Alternatively, you could try bribing the tenant to leave.   That may or may not be successful.


----------



## Baby boomer (17 Dec 2021)

Sarenco said:


> I feel your pain.
> 
> I’m afraid this is one of the negative consequences of rent controls - tenants that benefit from below market rents are hugely incentivised to overhold.
> 
> ...


Offering the tenant a cash incentive to leave is a perfectly legitimate and legal option.   It might well be a pragmatic solution that works to the advantage of all.

 "Bribe" could imply some level of illegality.  This isn't the case here.


----------



## Sarenco (17 Dec 2021)

Baby boomer said:


> "Bribe" could imply some level of illegality.  This isn't the case here.


Fair enough - I didn’t mean to imply that the payment would be illegal.

Mind you, calling it a cash incentive doesn’t sound right either - after all, the tenant is defaulting on their contractual obligation to quit the property.


----------



## Baby boomer (17 Dec 2021)

Sarenco said:


> Fair enough - I didn’t mean to imply that the payment would be illegal.
> 
> Mind you, calling it a cash incentive doesn’t sound right either - after all, the tenant is defaulting on their contractual obligation to quit the property.


Very true.  Although there's a complex interaction between the contractual rights and obligations of the parties and the statutory rights and obligations created by the Residential Tenancies Act.  The latter sometimes override the former.


----------



## Sarenco (17 Dec 2021)

Baby boomer said:


> Very true.  Although there's a complex interaction between the contractual rights and obligations of the parties and the statutory rights and obligations created by the Residential Tenancies Act.  The latter sometimes override the former.


It does indeed but the OP is still legally entitled to the return of his property with vacant possession.

The problem, of course, is that the process for enforcing that entitlement is wholly inadequate.


----------



## cremeegg (18 Dec 2021)

Sarenco said:


> It does indeed but the OP is still legally entitled to the return of his property with vacant possession.
> 
> The problem, of course, is that the process for enforcing that entitlement is wholly inadequate.


If the law does not allow a process to enforce a right, does the right exist.

Not a philosophical question.


----------



## cremeegg (18 Dec 2021)

If the tenant is overloading is the landlord obliged to provide electricity, water, broadband etc. to the premises?

Is there any reason why the landlord cannot paint/redecorate his property?

Is there any reason why the landlord cannot sell their property which is on the premises, cooker, beds, TV etc?


----------



## Thirsty (18 Dec 2021)

cremeegg said:


> ...why the landlord cannot sell their property which is on the premises, cooker, beds, TV etc


I am reasonably certain this would be construed as harrassment and would put you on the back foot, at best; or subject to proceedings at worst.

Taking the law into your own hands rarely ends well.


----------



## Sarenco (19 Dec 2021)

cremeegg said:


> If the law does not allow a process to enforce a right, does the right exist.
> 
> Not a philosophical question.


Well, the law does allow for the enforcement of rights so it’s a moot question.

The fact that the process takes far too long to complete is the problem.


----------



## Sarenco (19 Dec 2021)

cremeegg said:


> If the tenant is overloading is the landlord obliged to provide electricity, water, broadband etc. to the premises?


Electricity bills, etc., would generally be in the name of the tenant.


cremeegg said:


> Is there any reason why the landlord cannot paint/redecorate his property?


No but what would that achieve?


cremeegg said:


> Is there any reason why the landlord cannot sell their property which is on the premises, cooker, beds, TV etc?


Yes, assuming they formed part of the let property.


----------



## Introuble83 (5 Feb 2022)

Tenant still in the property.

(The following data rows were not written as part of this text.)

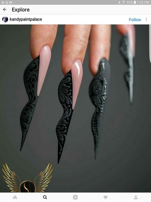 Néanmoins, une manucure en stuc inhabituelle, qui est souvent réalisée sur des ongles pointus et longs, peut être si inattendue qu'elle peut même choquer les gens qui envisageront des figures en acrylique ou en gel et avec des compositions florales lumineuses.
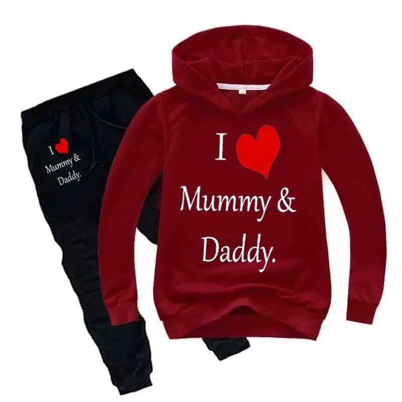 Trendy Shop Kids I love Mummy and Daddy Printed Hoodie Style Track-Suit.
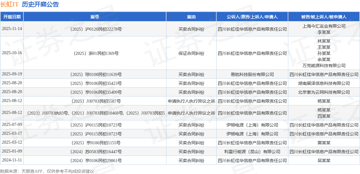 案号:(2025)沪0120民初22278号根据统计,近一年内以四川长虹佳华信息产品有限责任公司为当事人的历史开庭公告有12则,其中案由为“买卖合同纠纷”的公告以9则居首,其次为“申请执行人执行异议之诉”有2则,“保证合同纠纷”有1则。历史开庭公告如下:

Dispute lodged with rtb. Lease is now well expired. Hap portion of rent stopped . I need the tenant gone so I can sell . Any advise ? With no rent now being received I need a resolution and fast


----------



## NoRegretsCoyote (5 Feb 2022)

Introuble83 said:


> Any advise ? With no rent now being received I need a resolution and fast


Offer them a cash inducement.

Something like deposit on new place and first month's rent.

It's a disgrace that landlords' rights are so difficult to enforce. But in the scheme of things it'll be worth your while.


----------



## Introuble83 (5 Feb 2022)

NoRegretsCoyote said:


> Offer them a cash inducement.
> 
> Something like deposit on new place and first month's rent.
> 
> It's a disgrace that landlords' rights are so difficult to enforce. But in the scheme of things it'll be worth your while.


Seems to be the most feasible option but the idea of having to do this is very upsetting and frustrating. Terrible that this seems to be my only option. The longer it drags on the more money I’m losing .


----------



## cremeegg (5 Feb 2022)

Why has the HAP portion of the rent been stopped. Will the tenant receive HAP support in a new property.

With HAP support the tenant pays very little from their income toward the rent. If HAP have withdrawn from supporting the tenant, it would at the least involve a process for that to be reinstated. What prospect does the tenant have of getting new accommodation without HAP support.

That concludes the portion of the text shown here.